### EXERCISE GOAL
The answer is the full listing below, copied exactly, with its pictures omitted.

-- INFORMATION SHOWN follows --

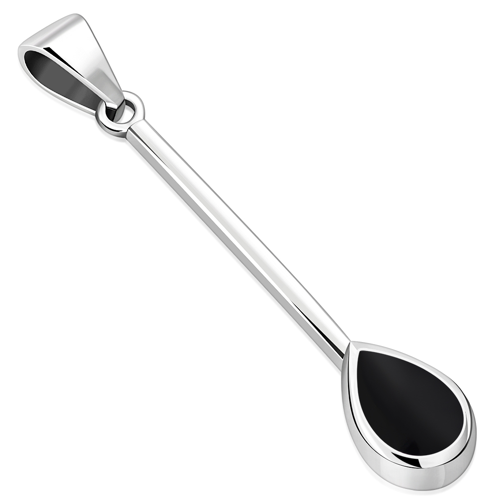 Black Onyx Long Drop Pear Shaped Sterling Silver Pendant
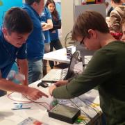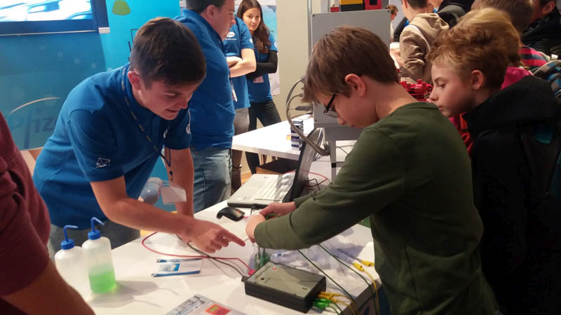 Mit dem thematischen Schwerpunkt der Elektrizität konnten die Schülerinnen und Schüler an über 120 Ständen experimentieren, bauen, hinterfragen und forschen. So konnten sie das Geschicklichkeitsspiel „Heißer Draht“ selbst zusammenbauen und mit nach Hause nehmen, sich mit chemischen oder physikalischen Analysemethoden auf Spurensuche in Kriminalfilmen begeben oder ihre Lieblingsmusik durch Unterbrechung des Stromflusses durch ihre eigenen Körper stoppen oder spielen lassen und und und…
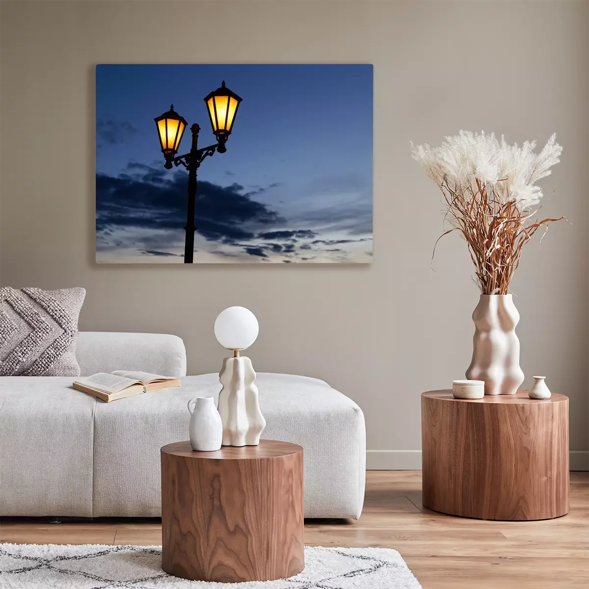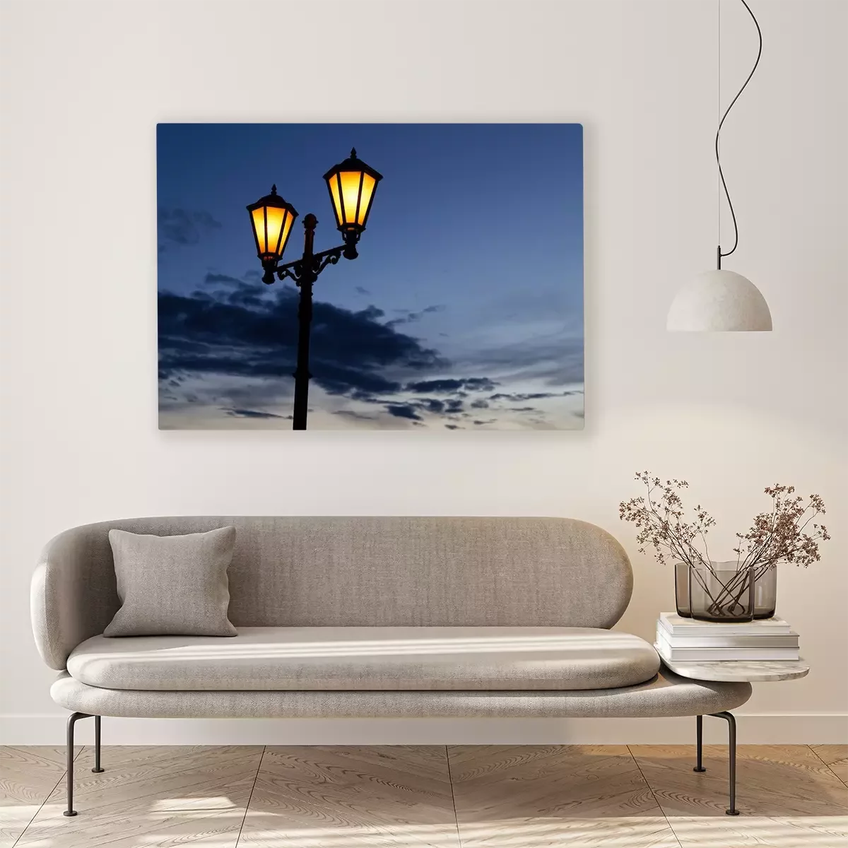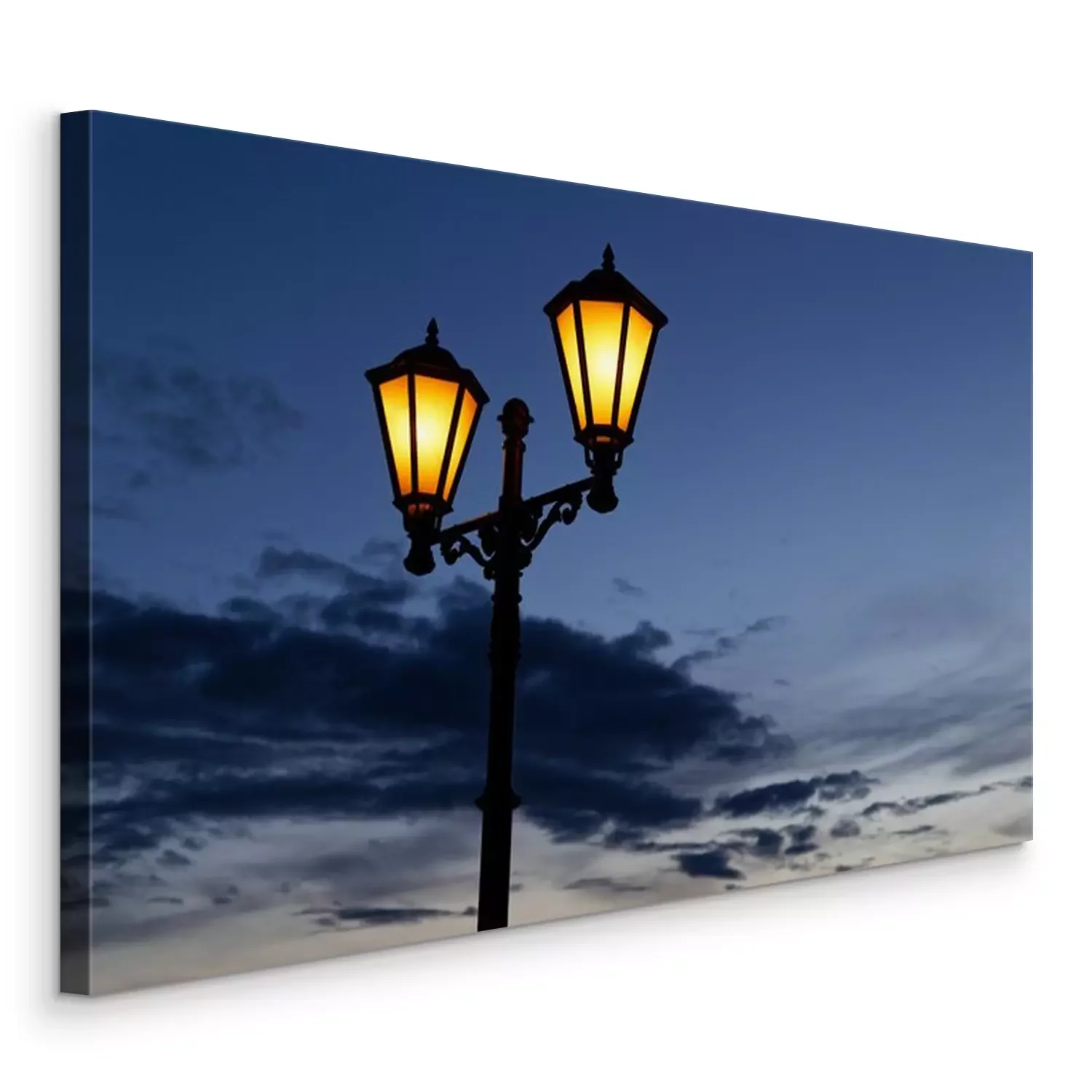 Canvas Uitstekende straatlantaarn met warme gele lichte en donkerblauwe nacht bewolkte hemel op achtergrond

-- INFORMATION SHOWN concluded --

### RESPONSE AREA
 Black Onyx Long Drop Pear Shaped Sterling Silver Pendant
 Mit dem thematischen Schwerpunkt der Elektrizität konnten die Schülerinnen und Schüler an über 120 Ständen experimentieren, bauen, hinterfragen und forschen. So konnten sie das Geschicklichkeitsspiel „Heißer Draht“ selbst zusammenbauen und mit nach Hause nehmen, sich mit chemischen oder physikalischen Analysemethoden auf Spurensuche in Kriminalfilmen begeben oder ihre Lieblingsmusik durch Unterbrechung des Stromflusses durch ihre eigenen Körper stoppen oder spielen lassen und und und…
 Canvas Uitstekende straatlantaarn met warme gele lichte en donkerblauwe nacht bewolkte hemel op achtergrond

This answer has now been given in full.